= Humboldt Table Rock Steinauer Public Schools =

School district in Nebraska, United States

Humboldt Table Rock Steinauer Public Schools is a school district headquartered in Humboldt, Nebraska, United States.

Within Richardson County, it contains the communities of Humboldt, Dawson, Stella, and Shubert, as well as portions of Barada. In Pawnee County, it contains Steinauer and Table Rock. In Nemaha County it includes Nemaha. The district extends into Johnson County.

==History==

Humboldt School District, and Table Rock Steinauer Schools both merged into Humboldt Table Rock Steinauer School district on June 1, 2003.

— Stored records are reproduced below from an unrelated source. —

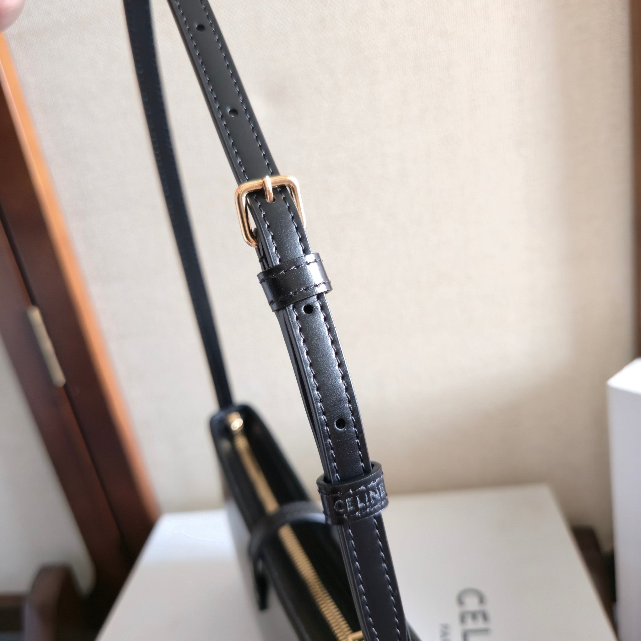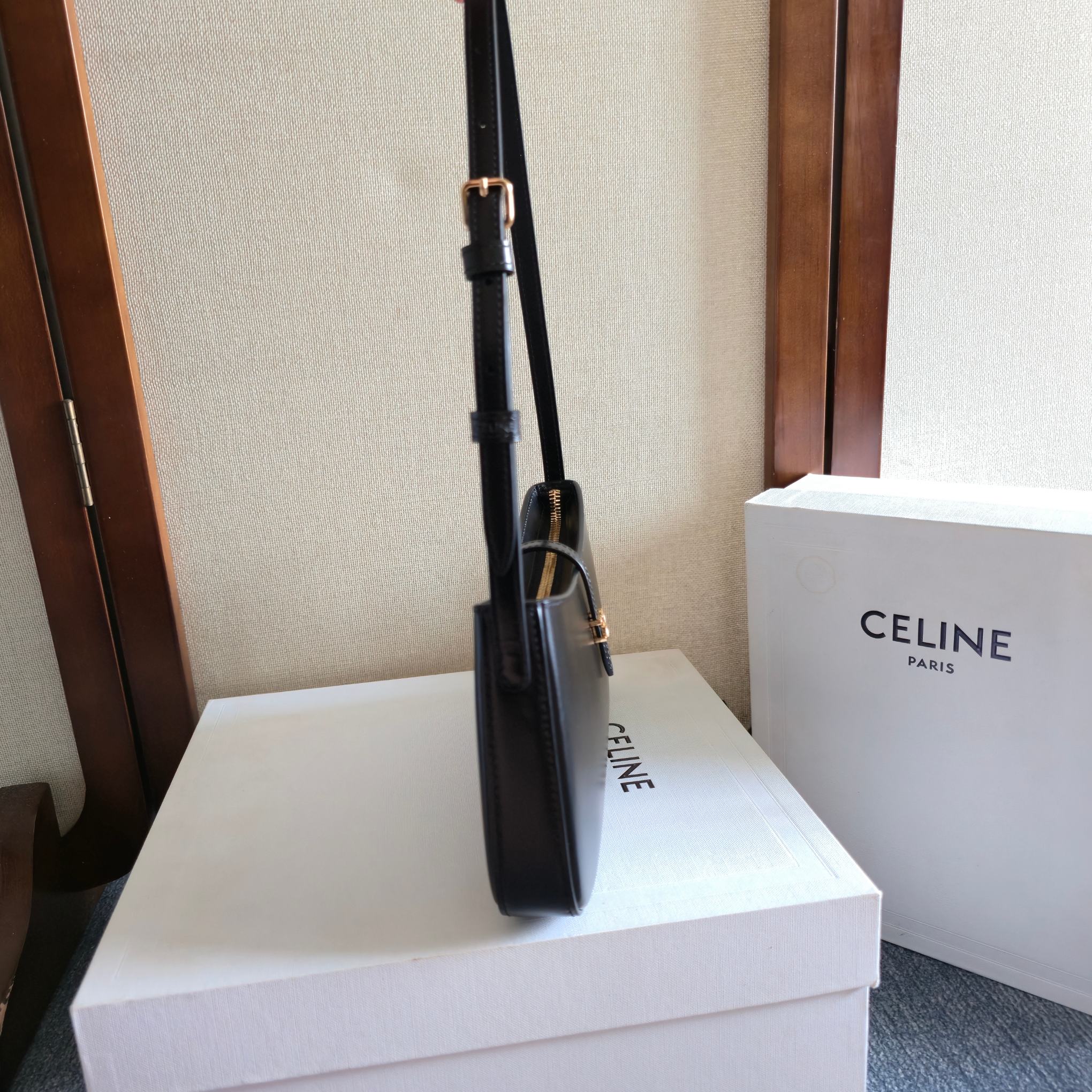 CELINE 25S TINA SHOULDER BAG 25MM IN BLACK CALFSKIN GOLD HARDWARE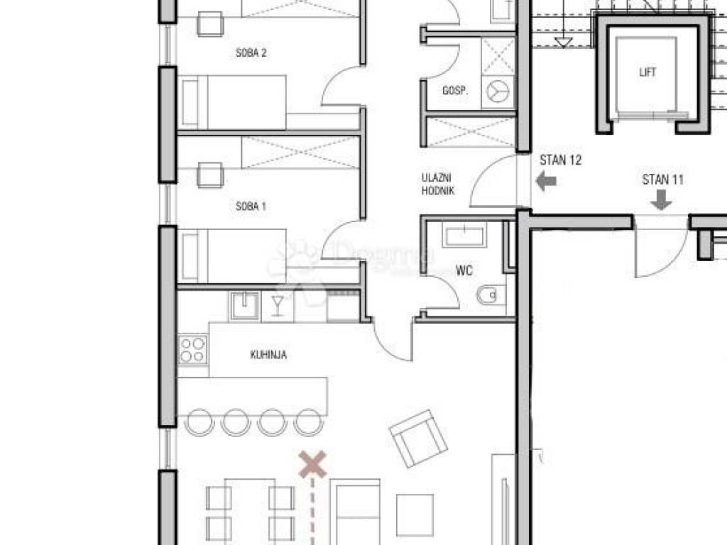 Die Wohnung S12 verkörpert modernes Wohnen auf höchstem Niveau in Stobreč eine exklusive Drei-Zimmer-Wohnung im Dachgeschoss des Gebäudes, konzipiert für anspruchsvolle Käufer, die Privatsphäre, Großzügigkeit und einen atemberaubenden Ausblick suchen.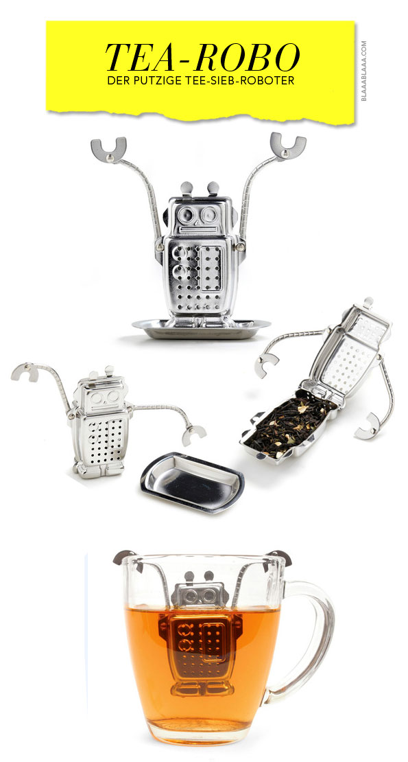 Hoooooch, ein Tee-Sieb-Roboter! Hoooch! Hooooch! Hoooch! Den könnte in Sachen Putzigkeitsfaktor nur noch ein puscheliger Hundewelpen schlagen. Aber in puschelige Hundewelpen kann man keinen Tee füllen. Und selbst wenn, da wär der ganze Tee voller puscheliger Hundewelpenhaare. Nene. Und jetzt nochmals alle: Hoooooch, ein Tee-Sieb-Roboter!
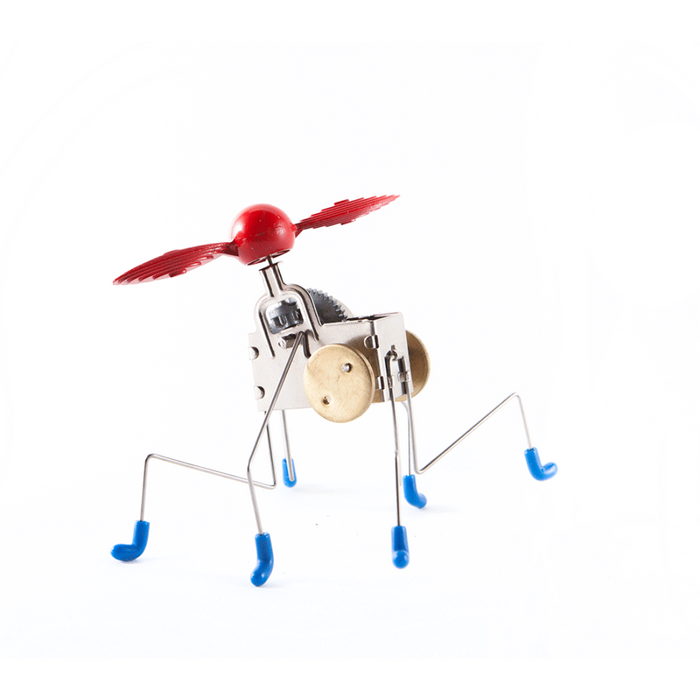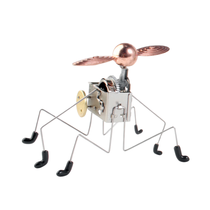 Carlo Maria Pintacuda was a legendary Italian race car driver and the inspiration for this wind-up that bares his name. The plucky and unpredictable spirit of a feisty Italian race car driver is re-imagined with our Pintacuda wind-up. This wind up has legs at different heights, which allows the Pintacuda to hop about and appear to take flight. The propeller key can be wound with just one finger, and you can slightly change Pintacuda’s behavior by bending the wire legs gently near the body or the knees. This is a feisty one.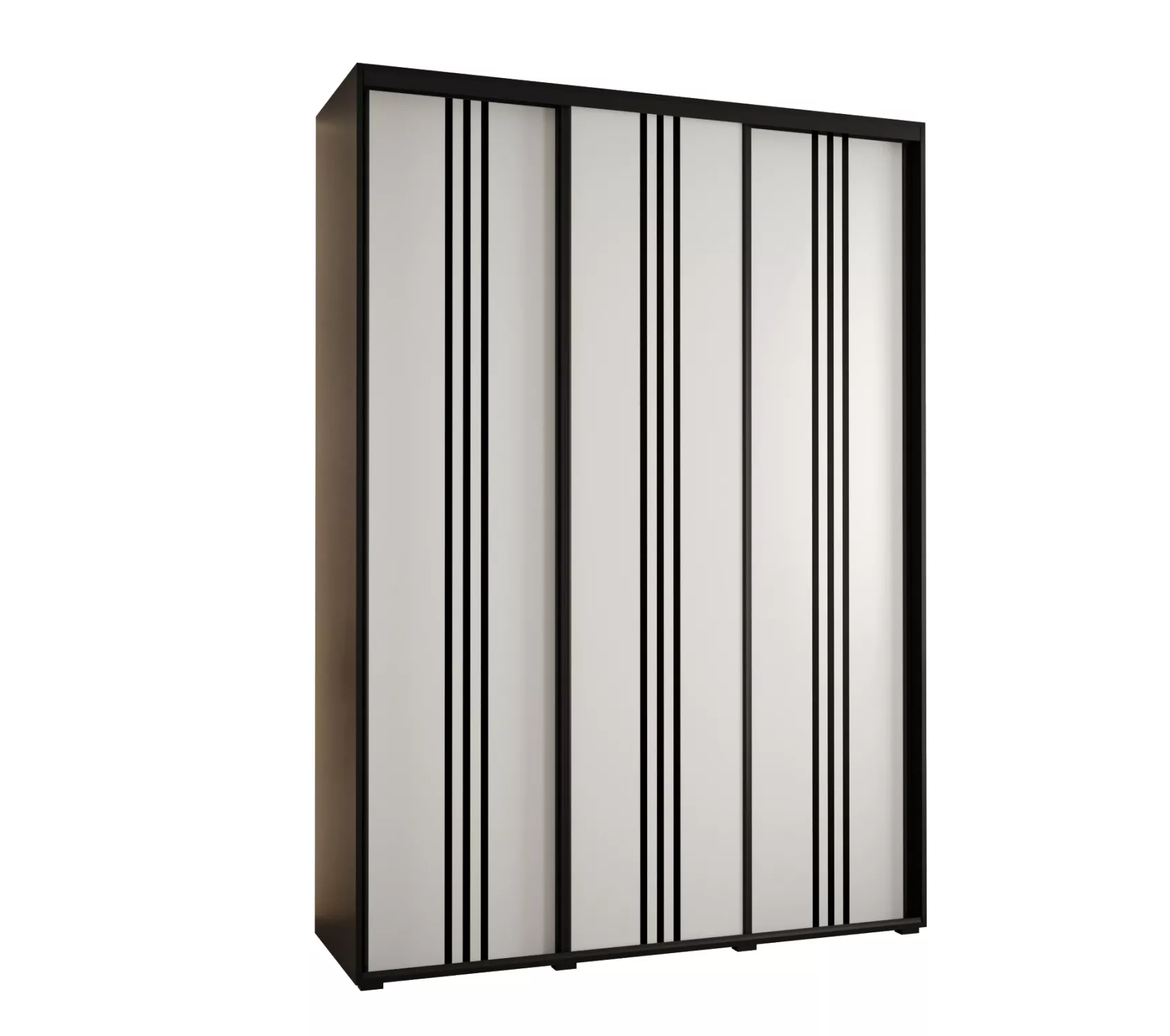Šatní skříň YVONA 6 - 170/45 cm, černá / bílá / černá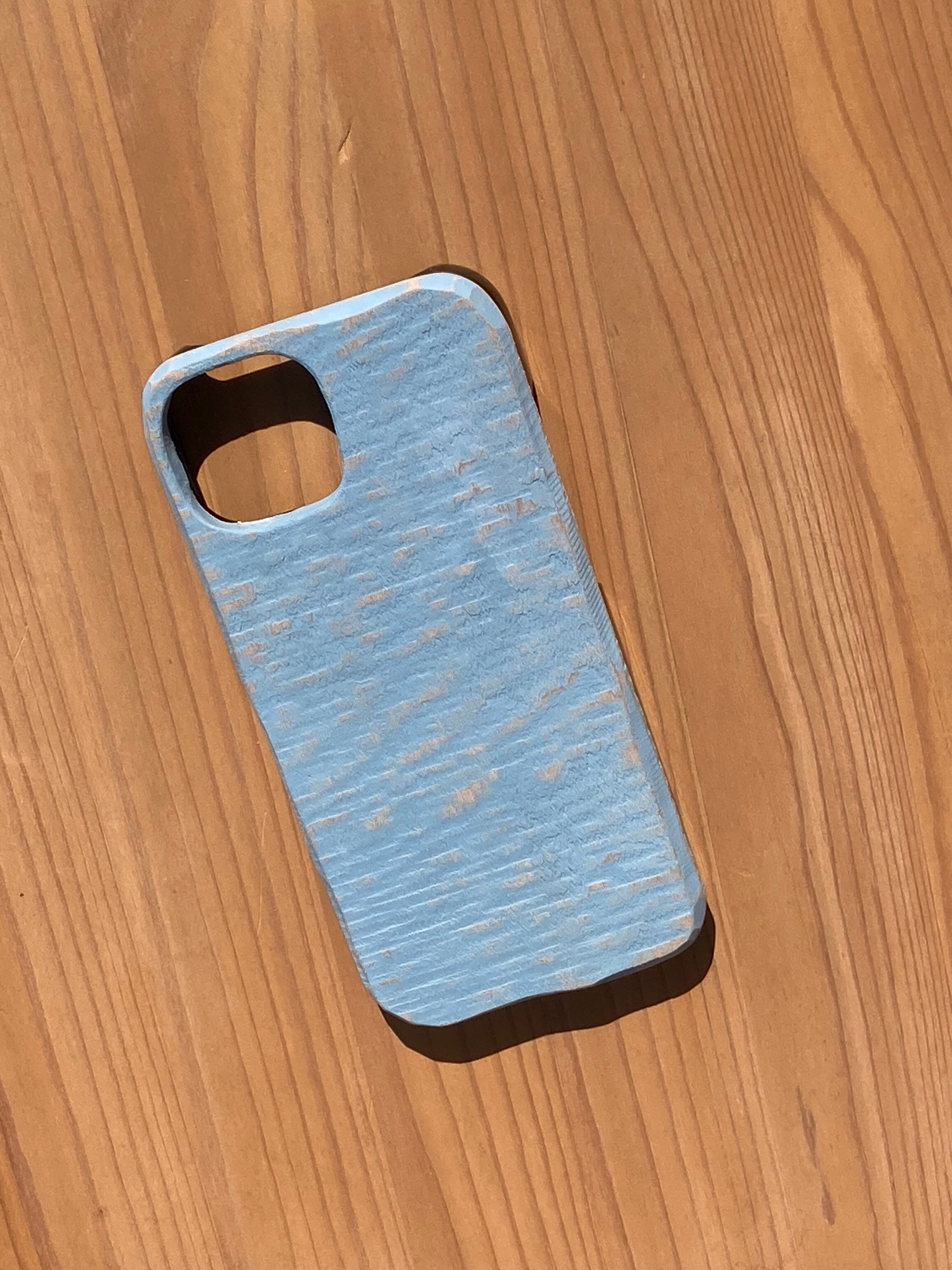 木製のiPhone15ケース、空色が夏の爽やかさを演出。優しい印象のアルダー材を使用し、エイジング加工でアンティーク風で風合い豊かな仕上がりになっています。さらに、環境に優しい石鹸を原料にした塗装で、安心してお使いいただけます。この木製ケースがあなたのスマホを優しく包み込み、夏の雰囲気を演出します。世界に一つだけの個性的なiPhone15を手に入れて、周囲の視線を引きつけましょう。

It merged with parts of the former Dawson-Verdon School District in 2004, adding the village of Dawson to the district.

On January 1, 2009 the Southeast Nebraska Consolidated Public Schools became part of the Humboldt Table Rock Steinauer School District, thus adding the communities of Stella, Shubert, and Nemaha, and becoming one of the largest school districts (by area) in the state.

The district receives some services from Educational Service Unit #4.

== Schools ==

=== High school ===
Humboldt Table Rock Steinauer High School (HTRS) is located in Humboldt. It has approximately 400 students (K-12). HTRS won the Nebraska Mock Trial State Championship on December 5, 2007.